She changed genres after her archaeologist husband told her that prehistoric man thought Norfolk's marshes were sacred, being neither land nor sea, and were bridges to the afterlife.
De Rosa says that "as he said these words, the entire plot of The Crossing Place (the first of the series, published in 2009) appeared, full formed in my head, and walking toward me out of the mist, I saw Dr Ruth Galloway".
Her agent told her she had written a crime novel and therefore needed a crime name.
So, Domenica de Rosa, romantic novelist, became Elly Griffiths, crime writer.
In The Lantern Men, Ruth has moved from her isolated house on the Saltmarsh in Norfolk into Cambridge, with her daughter and new partner, to take up a teaching position at the university.
She has left her position as North Norfolk Police resident forensic archaeologist and her former lover DCI Harry Nelson.
Nelson and his team are celebrating the conviction of Ivor March for the murder of two young women, their bodies found buried in his girlfriend's garden.
There are, however, two women still missing.
Nelson believes March has killed them to because they are his "very specific type . . . tall and blonde with blue eyes".
To Nelson's surprise, March tells him that he is willing to reveal where the two women are buried, but only if Ruth excavates them.
Ruth is concerned that she is known to a serial killer, but agrees to the excavation, which unearths not two, but three bodies of young women.
March had been a member of an artistic commune and new evidence emerges that he and his male friends would go out in a van and "pick up women".
"They said that they were saving lost souls.

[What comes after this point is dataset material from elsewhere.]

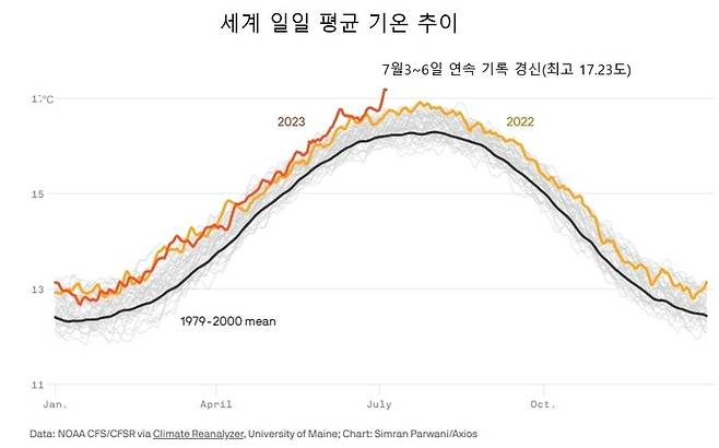 이달 들어선 일일 기온 기록까지 연일 갈아치우고 있다. 세계 일일 평균 기온은 지난 3일 17.01도로 엘니뇨가 극심했던 2016년 8월의 16.9도를 뛰어넘은 데 이어 4일과 5일 17.18도, 6일엔 17.23도까지 치솟으며 4일 연속 신기록 행진을 이어갔다. 7일과 8일엔 17.20도, 17.17도로 약간 꺾였지만 여전히 최고 수준을 유지하고 있다.

The Lantern Men they called themselves", after the local legend of mysterious figures who prowl the marshes at night, carrying a lantern, leading travellers to their deaths.
When another young woman is found murdered on the marsh, Ruth begins to question March's guilt and the forensic evidence that has convicted him.
In the process, she puts her own life in danger.
Griffiths' accomplished storytelling and mastery of the cliff-hanger combine in an atmospheric, chilling story of love, lust and betrayal, set against the the backdrop of the eerie landscape of the Norfolk coast.